WHAT TO WORK ON: Answer with the exact lines of the following material from the one containing "Bodycon dress with" through the one containing "When the engine", both end lines included.

GIVEN DATA:
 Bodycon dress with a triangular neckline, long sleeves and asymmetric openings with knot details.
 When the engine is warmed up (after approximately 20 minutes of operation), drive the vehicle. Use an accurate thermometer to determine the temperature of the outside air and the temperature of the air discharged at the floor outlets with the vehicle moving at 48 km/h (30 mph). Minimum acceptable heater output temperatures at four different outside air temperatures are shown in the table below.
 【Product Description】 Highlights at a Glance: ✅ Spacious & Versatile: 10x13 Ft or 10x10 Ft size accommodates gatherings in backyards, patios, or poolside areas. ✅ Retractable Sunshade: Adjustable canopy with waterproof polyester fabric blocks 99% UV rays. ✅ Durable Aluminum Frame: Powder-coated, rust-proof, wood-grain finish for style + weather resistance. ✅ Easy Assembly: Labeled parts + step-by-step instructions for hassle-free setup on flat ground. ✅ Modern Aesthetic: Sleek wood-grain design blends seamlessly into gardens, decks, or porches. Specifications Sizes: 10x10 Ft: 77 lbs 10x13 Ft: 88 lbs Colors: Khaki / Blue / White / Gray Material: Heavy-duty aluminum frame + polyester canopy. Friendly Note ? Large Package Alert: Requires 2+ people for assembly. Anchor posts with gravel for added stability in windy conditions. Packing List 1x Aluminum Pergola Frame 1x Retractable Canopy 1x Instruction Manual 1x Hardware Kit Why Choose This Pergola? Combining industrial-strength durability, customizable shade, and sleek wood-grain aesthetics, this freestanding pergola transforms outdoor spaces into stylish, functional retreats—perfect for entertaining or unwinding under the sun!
==
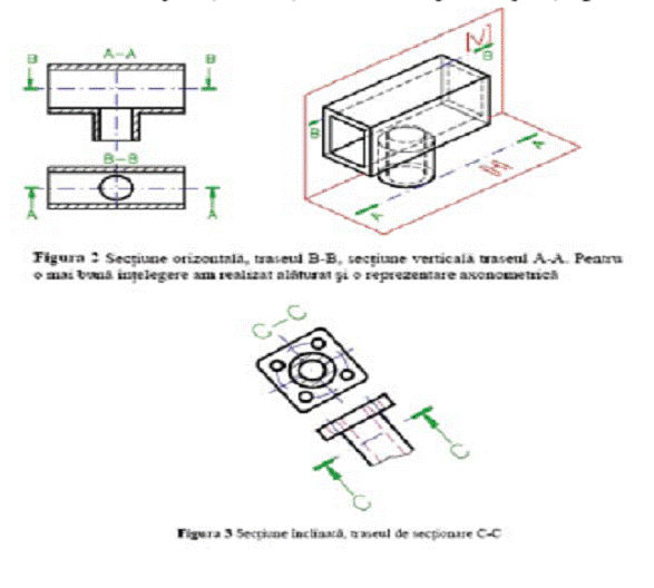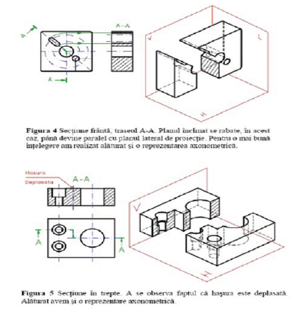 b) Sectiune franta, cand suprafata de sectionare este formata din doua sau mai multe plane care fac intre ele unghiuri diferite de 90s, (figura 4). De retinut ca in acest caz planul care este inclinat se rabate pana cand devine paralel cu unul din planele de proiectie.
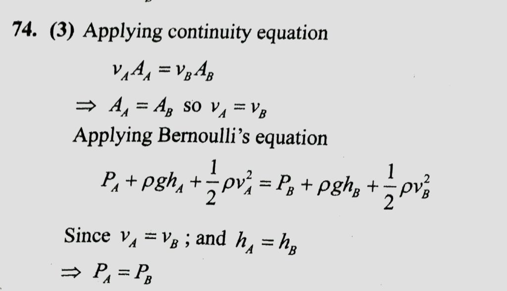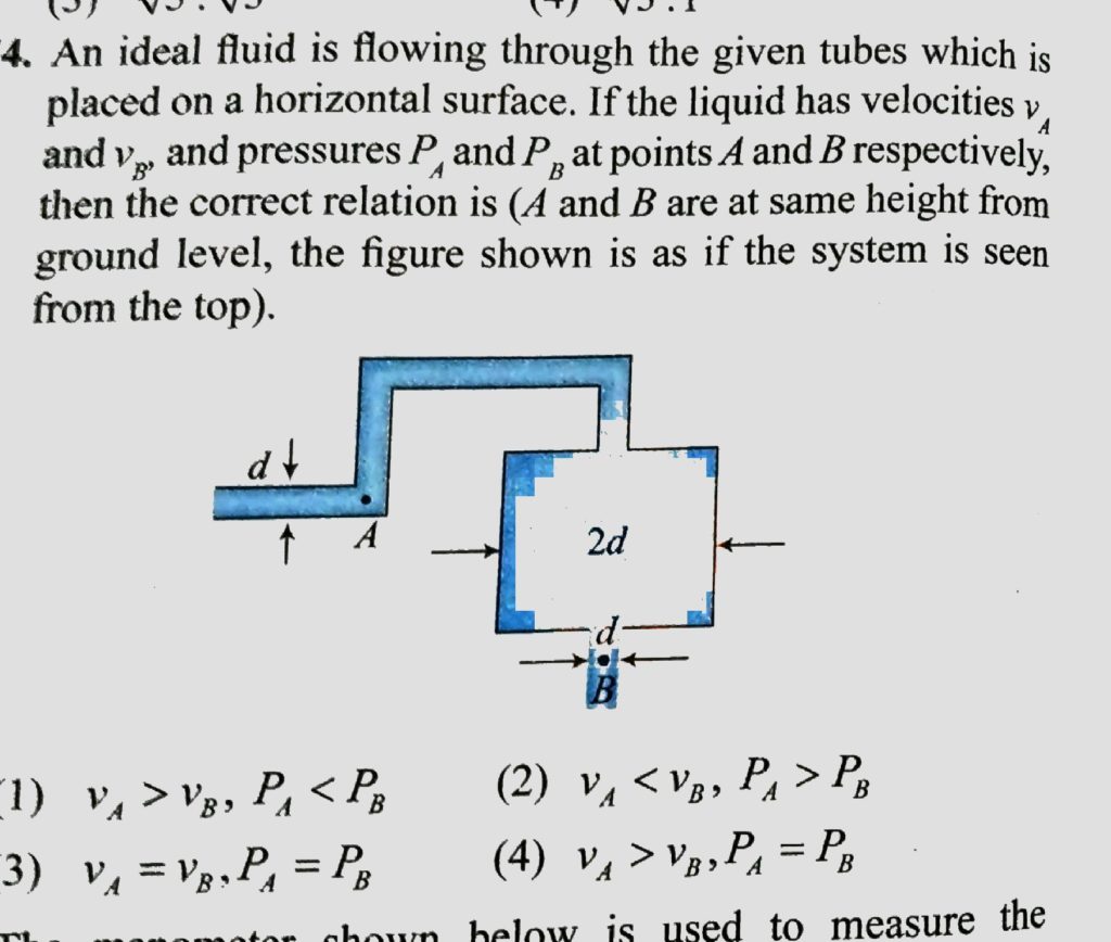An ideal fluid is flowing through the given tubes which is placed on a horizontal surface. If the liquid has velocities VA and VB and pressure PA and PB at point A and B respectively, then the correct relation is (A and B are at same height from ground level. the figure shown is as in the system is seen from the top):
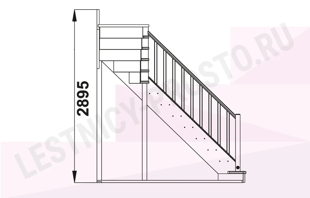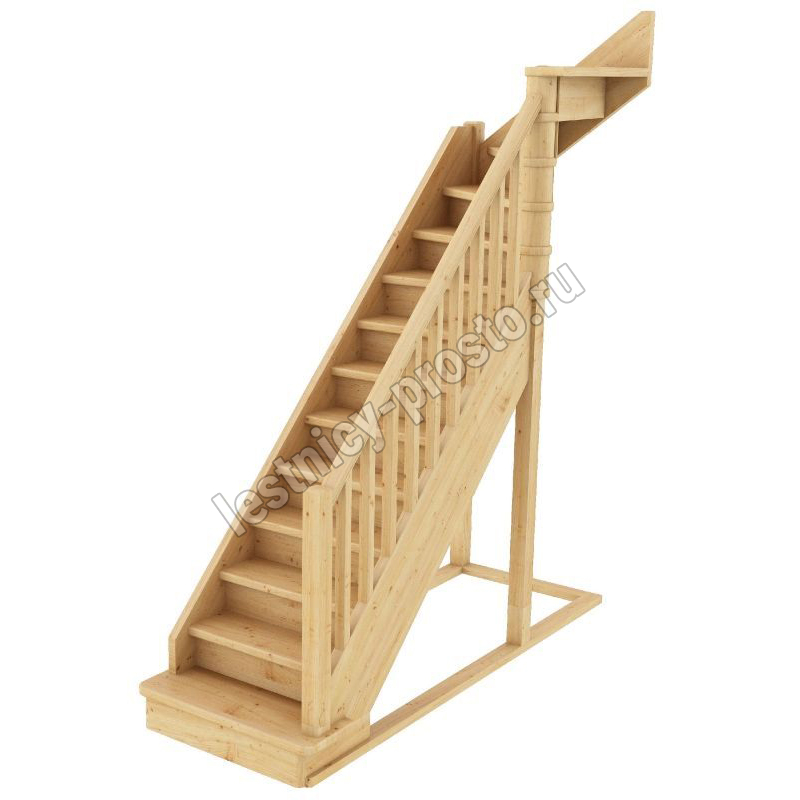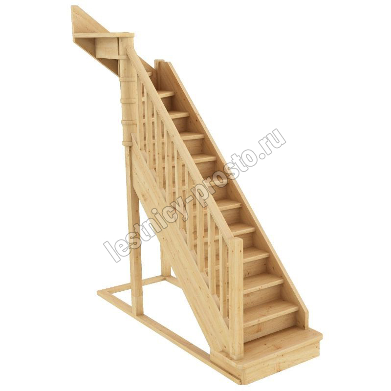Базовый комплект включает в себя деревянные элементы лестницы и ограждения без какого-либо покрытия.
...
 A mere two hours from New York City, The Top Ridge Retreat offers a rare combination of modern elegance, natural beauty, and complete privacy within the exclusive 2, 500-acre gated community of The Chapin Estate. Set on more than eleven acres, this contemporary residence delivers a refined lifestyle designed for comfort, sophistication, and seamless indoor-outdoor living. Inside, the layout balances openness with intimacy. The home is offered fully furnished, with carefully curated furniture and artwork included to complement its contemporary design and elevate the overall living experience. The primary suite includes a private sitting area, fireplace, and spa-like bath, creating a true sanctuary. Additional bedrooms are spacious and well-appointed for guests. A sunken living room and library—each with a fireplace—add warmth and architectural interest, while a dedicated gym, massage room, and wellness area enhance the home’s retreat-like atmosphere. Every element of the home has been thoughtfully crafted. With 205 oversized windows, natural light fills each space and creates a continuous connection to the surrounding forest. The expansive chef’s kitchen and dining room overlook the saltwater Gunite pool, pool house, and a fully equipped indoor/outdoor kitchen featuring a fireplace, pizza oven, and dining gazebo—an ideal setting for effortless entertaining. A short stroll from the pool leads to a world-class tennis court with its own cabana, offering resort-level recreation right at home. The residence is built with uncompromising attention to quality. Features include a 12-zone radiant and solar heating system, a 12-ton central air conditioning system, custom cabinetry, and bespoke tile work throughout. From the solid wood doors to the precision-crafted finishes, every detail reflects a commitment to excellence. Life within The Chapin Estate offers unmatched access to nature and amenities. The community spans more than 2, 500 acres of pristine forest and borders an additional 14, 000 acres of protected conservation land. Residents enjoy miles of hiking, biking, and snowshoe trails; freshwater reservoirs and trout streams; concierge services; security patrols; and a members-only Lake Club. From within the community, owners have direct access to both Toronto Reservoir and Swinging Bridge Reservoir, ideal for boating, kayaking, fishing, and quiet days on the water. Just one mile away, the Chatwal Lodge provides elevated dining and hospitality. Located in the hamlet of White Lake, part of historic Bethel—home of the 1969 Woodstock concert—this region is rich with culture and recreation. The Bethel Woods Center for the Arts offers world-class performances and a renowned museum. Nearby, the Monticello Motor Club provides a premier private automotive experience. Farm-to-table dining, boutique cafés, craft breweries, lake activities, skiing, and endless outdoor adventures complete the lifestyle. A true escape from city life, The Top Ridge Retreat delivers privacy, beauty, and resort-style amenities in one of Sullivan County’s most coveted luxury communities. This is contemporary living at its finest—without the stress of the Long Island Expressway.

EXERCISE RESULT:
 Bodycon dress with a triangular neckline, long sleeves and asymmetric openings with knot details.
 When the engine is warmed up (after approximately 20 minutes of operation), drive the vehicle. Use an accurate thermometer to determine the temperature of the outside air and the temperature of the air discharged at the floor outlets with the vehicle moving at 48 km/h (30 mph). Minimum acceptable heater output temperatures at four different outside air temperatures are shown in the table below.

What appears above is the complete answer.